Dusty Green’s messy memories

Third year spreads his passion for painting at STU

Dusty Green (NATALIE V. BOCHENSKA/AQ)
Dusty Green (NATALIE V. BOCHENSKA/AQ)

Dusty Green hunches over a canvas on his kitchen table. He is painting in a surprisingly sun soaked basement apartment. His canvas background is a pale wash of colour, the foreground marked with dark dripping spiral shapes. It is deliberately messy.

“I mostly paint memories.” he says. “The images you have breakdown over time, eventually all you have are slivers of sight, smell, sound. I am trying to paint these memories at their last point. When they are messy, watery.”

Green is a third year student at St. Thomas University studying visual arts. On campus he can sometimes be seen painting during his breaks, or over coffee. The spiral shapes are a recurring theme in Green’s work. He admits having somewhat of a mild obsession with them.

“They occur naturally in jellyfish, snails, whirlpools, even in your fingertips.
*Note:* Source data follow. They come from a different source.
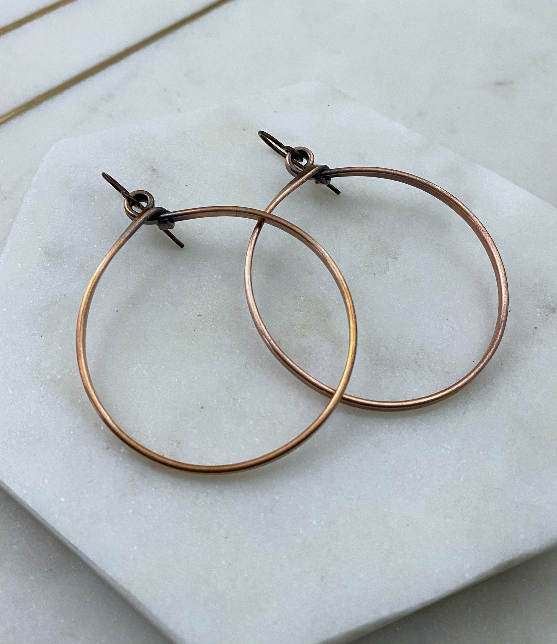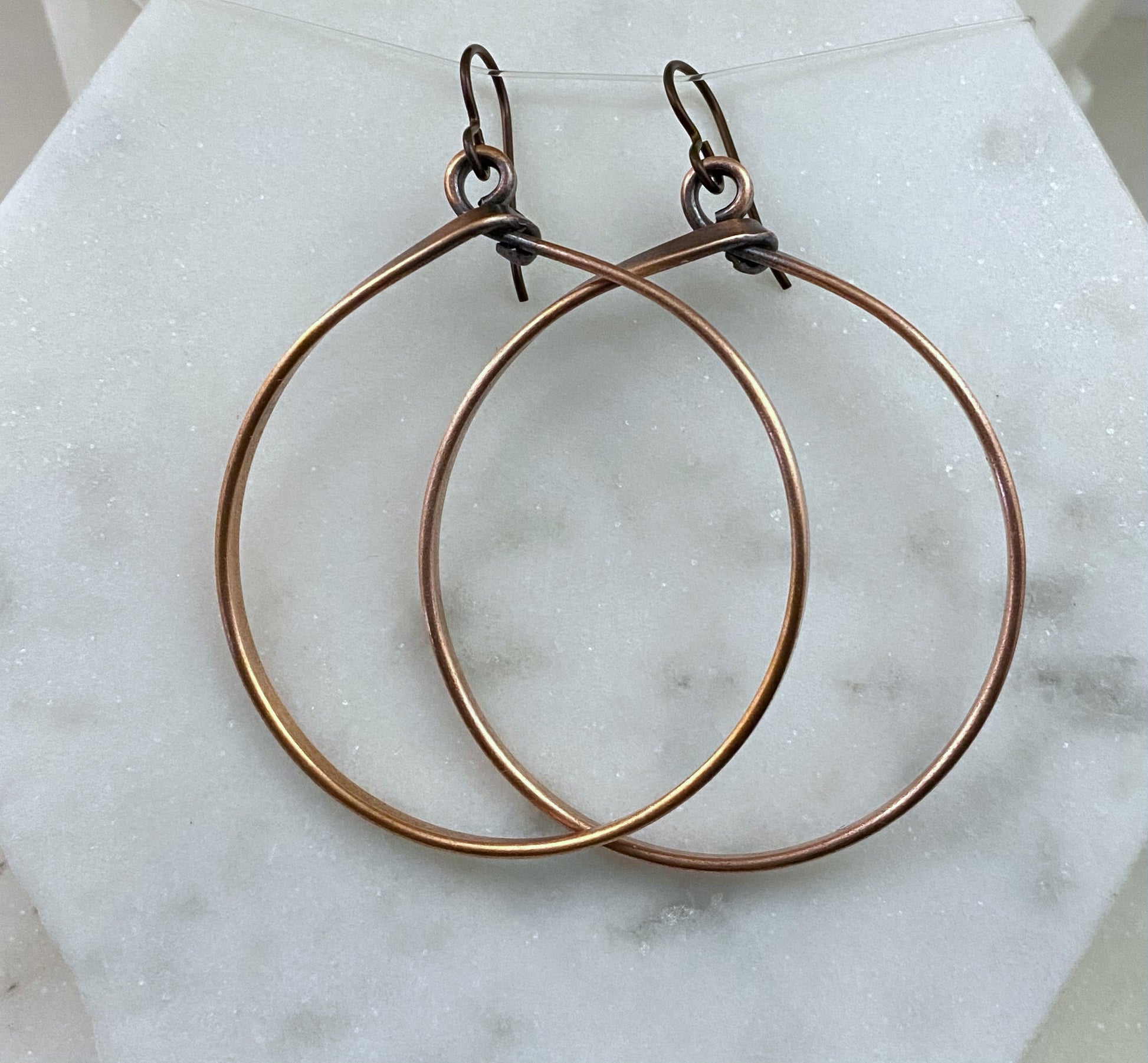 Handmade forged X-Large copper hoop earrings. These earrings are approximately just 2.25 inches long by 1.75 inches wide. Sizes will vary slightly due to being freehanded. They have been colored with a chemical patina and sealed to prevent tarnish. Ear wires are made from hypoallergenic Niobium metal.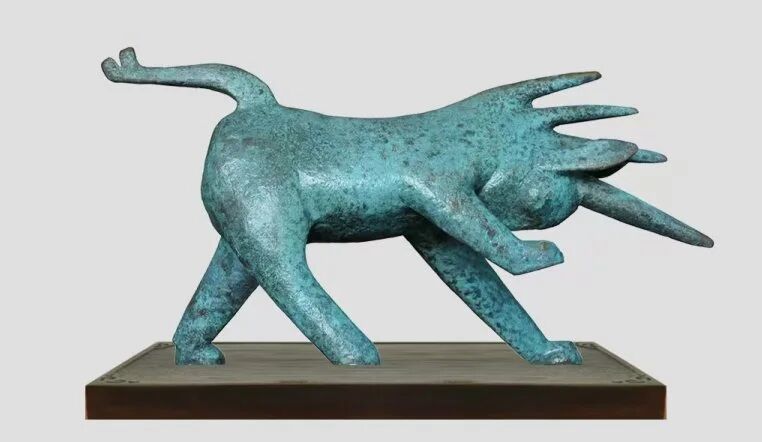 獬豸是中国古代传说中的一种似羊非羊、似牛非牛的神兽,具有分辨是非、判断正误的特异功能。该作品三脚踏地,低首翘尾,锐角前凸,跃跃欲试,除头顶部的主角之外,又将颈背部的鬃毛化作三只尖角,两只长耳亦前刺如矛,突出了獬豸无所畏惧,集全身之力向邪恶冲刺的耿直本性。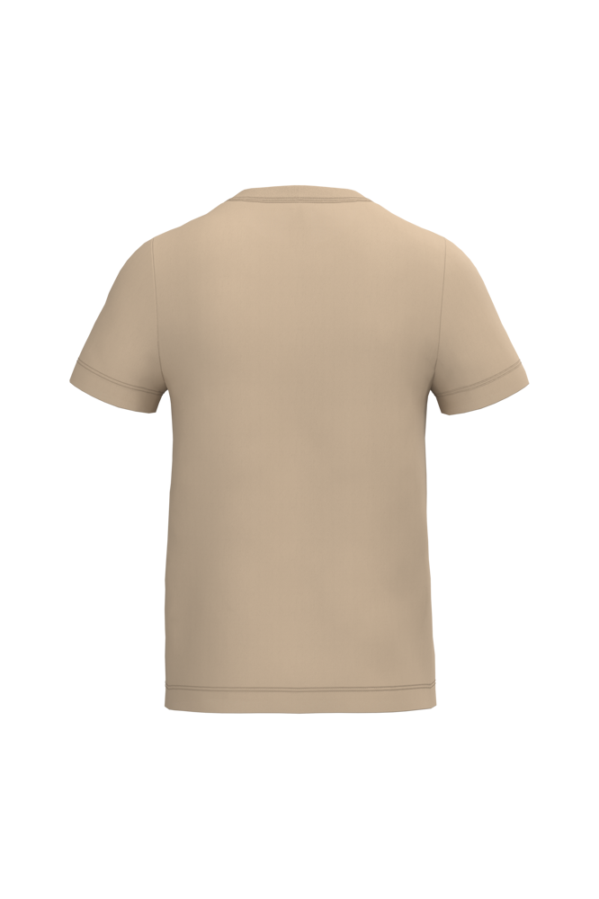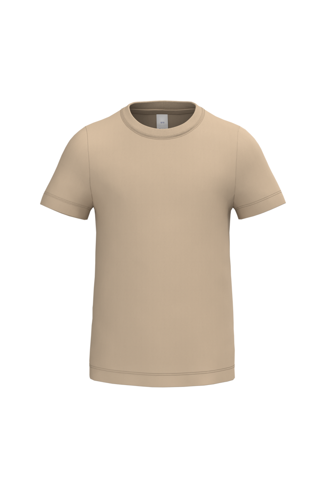 Colori uniti: 100% cotone. Colore Ideal Ash Heather: 99% cotone / 1% viscosa. Colore Ideal Oxford Grey: 90% cotone / 10% viscosa. Maglia jersey tagliata e cucita dalla taglia 1/2 alla 6/8 e tubolare dalla taglia 8/10 alla 12/14. Taglio dritto. Collo rotondo con finitura a costine 1x1 con doppie impunture. Nastro di rinforzo interno al collo tono su tono. Orli delle maniche e del fondo capo con finitura a doppio ago. Etichetta del marchio staccabile.

They’re both beautiful and repulsive.”

His paintings are almost exclusively done in watercolour though he has been experimenting with acrylics. His painting style is characterized by methods of control and chaos. He has a vision – he makes deliberate brushstrokes, but often lets dripping paint go where it goes without interfering.

In the late spring Green was involved in a shared exhibition in the used book room in James Dunn Hall. The exhibition was composed of Green, his brother Joshua Green – who played music, and their friend Greg Everett, a writer, who had his work printed and displayed on the wall.

“It was the first time I saw people interested in my work,” he says, beaming.

Green recounts financial advice he received from sculptor and St. Thomas University Fine Arts professor Robin Peck at the show.

“He talked to me about pricing. He told me to take the cost of the materials, plus every hour you put in – he said an artist’s time is worth twenty dollars an hour – add it together and times that by ten. I laughed. I thought he was joking.”

Green has also been participating in Downtown Fredericton’s weekly artist market. He says that the positive reception from fellow artists and market-goers has been encouraging.

“It’s nice to talk about your art. Sometimes you can go a bit stir-crazy in your own head.” The market’s practicing-artist atmosphere has also been beneficial for Green, who, like the other artists, uses the time to work on projects, “I just bring my stuff down there and paint,” he says.

Green is currently the President of the Fine Arts Student Association of St. Thomas University. They welcome visual artists, musicians, creative writers and arts enthusiasts. He says this upcoming year they are primarily interested in increasing membership and exhibiting student work.

“We are in cahoots with Gallery Connexion this year. If students are interested in exhibiting their work this year they can contact us.”

Green says that in the upcoming year he would like to focus on developing his work and participating in more exhibitions but adds, “I am open to any direction my art might take me.”